Black God’s Kiss — C.L. Moore

Black-Gods-Kiss


I would like to say that Jirel would never wear a battle-bikini. She wears a full set of armour, enough that it’s not clear if she is a man or a woman.

Two thousand years before Northwest Smith wandered between the planets, Jirel used her impressive capacity for violence to rule and protect the fiefdom of Joiry, somewhere in France. Proud, easy to offend, and very, very stabby, Jirel is not stupid but she never over-thinks situations, preferring direct solutions.

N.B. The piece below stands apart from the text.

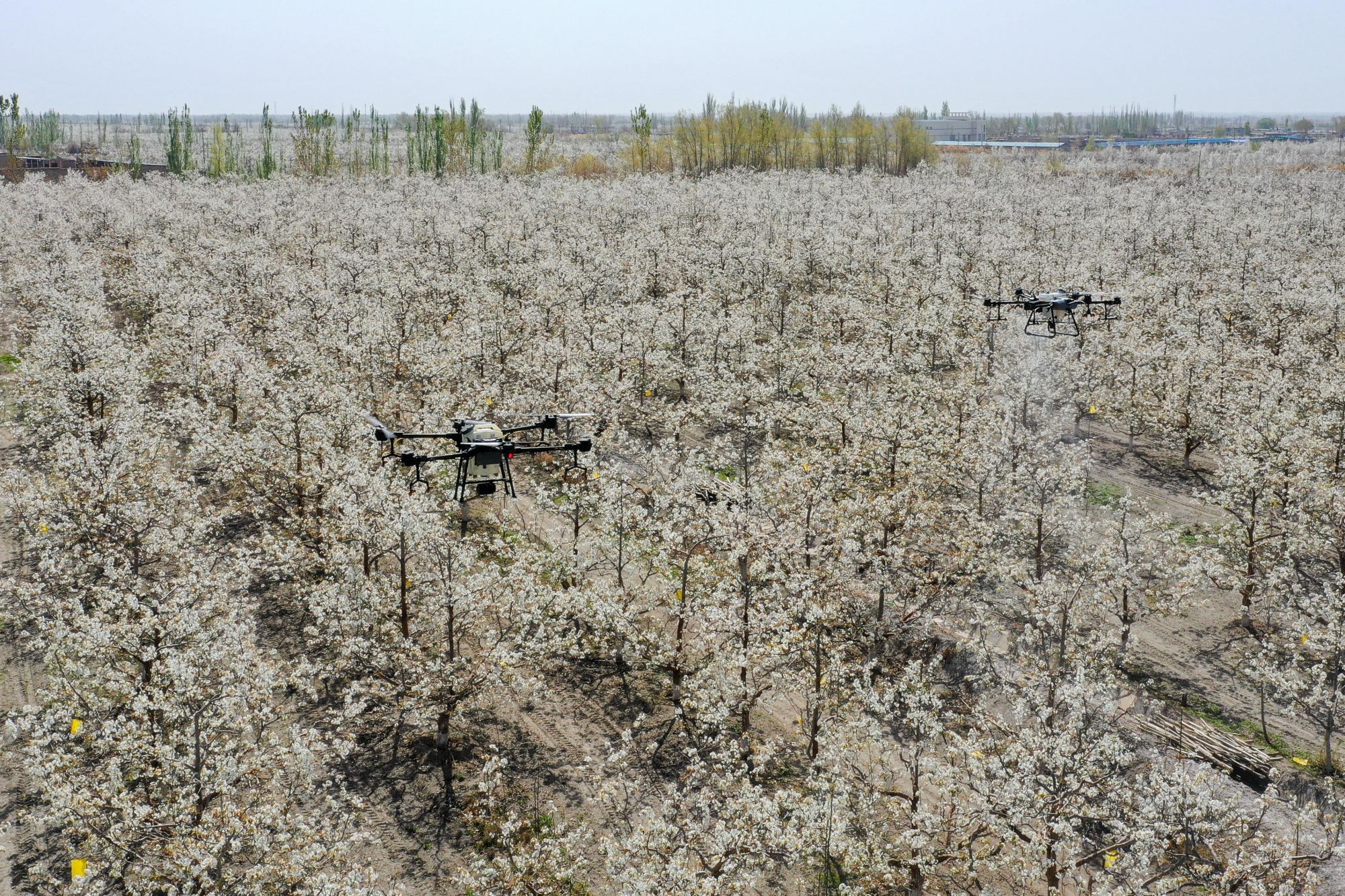 在铁门关市一处香梨示范园,植保无人机进行授粉作业(无人机照片)。(新华社记者 丁磊 摄)

“Where No Man Had Gone Before,” essay by Suzy McKee Charnas

This is much longer than the Cherryh introduction to the Northwest Smith collection and to my eye superior. Jirel stands out as one of the very few female protagonists in pulp-era fantasy and in stark contrast to Northwest, she does not ask for or depend on the assistance of persons of the other sex.

Black God’s Kiss (1934), novelette by C. L. Moore

After the small kingdom of Joiry falls to Guillaume and his band of soldiers, Guillaume is astounded to discover the keep’s most ardent defender is the fierce warrior-woman Jirel. Guillaume makes the mistake of forcing a kiss from Jirel before making it clear he plans to force other things from her later on. Jirel is not just a woman who can cut a man’s heart out; when her sword fails her she can and will deal with the darkest forces of hell itself to prevail over an opponent.

Given the connection to Northwest Smith, demons, devils, and other apparently supernatural beings are probably just more extra-dimensionals in possession of super-science beyond human comprehension. From Jirel’s point of view, it is not a significant difference and her methods of dealing with them work about as well as Northwest’s. Actually, better, because she avoids Northwest’s collateral damage.

Although I think she gets referred to as “maid” from time to time, Jirel makes it clear that she’s no virgin. She also makes it very clear that no means no.

Moore and Guillaume draw on a tradition, now out of fashion, that a suitably forceful courtship could honestly win a woman’s heart. Guillaume’s mistake here is that he thinks that just because he captured Jirel he is in any way in control of the situation; he also grossly underestimates to what degree outrage outweighs attraction in Jirel’s mind.

Black God’s Shadow (1934), novelette by C. L. Moore

Having all too belatedly realized that she did love Guillaume, Jirel tries to undo at least part of what she did to him in the previous story.

You’d never see Northwest trying to make amends. If only Guillaume had thought to try flowers instead of attempted sexual assault….

Jirel Meets Magic . (1935) . novelette by C. L. Moore

Fearing Jirel’s wrath, the magician Giraud flees through a magic portal to a realm ruled by the cruel sorceress Jarisme. Jarisme is willing to accept Giraud as a fawning minion. When Jirel appears in pursuit of the magician, Jarisme senses with her eldritch powers that the warrior-maid may be the embodiment of Jerisme’s Doom. The sorceress, who is as proud as Jirel herself, could simply hand Giraud over. What she chooses to do instead is to use all her magic to deal more directly with the threat Jirel presents.

It’s weird how people in worlds like this one appear so unfamiliar with the idea of self-fulfilling prophecies.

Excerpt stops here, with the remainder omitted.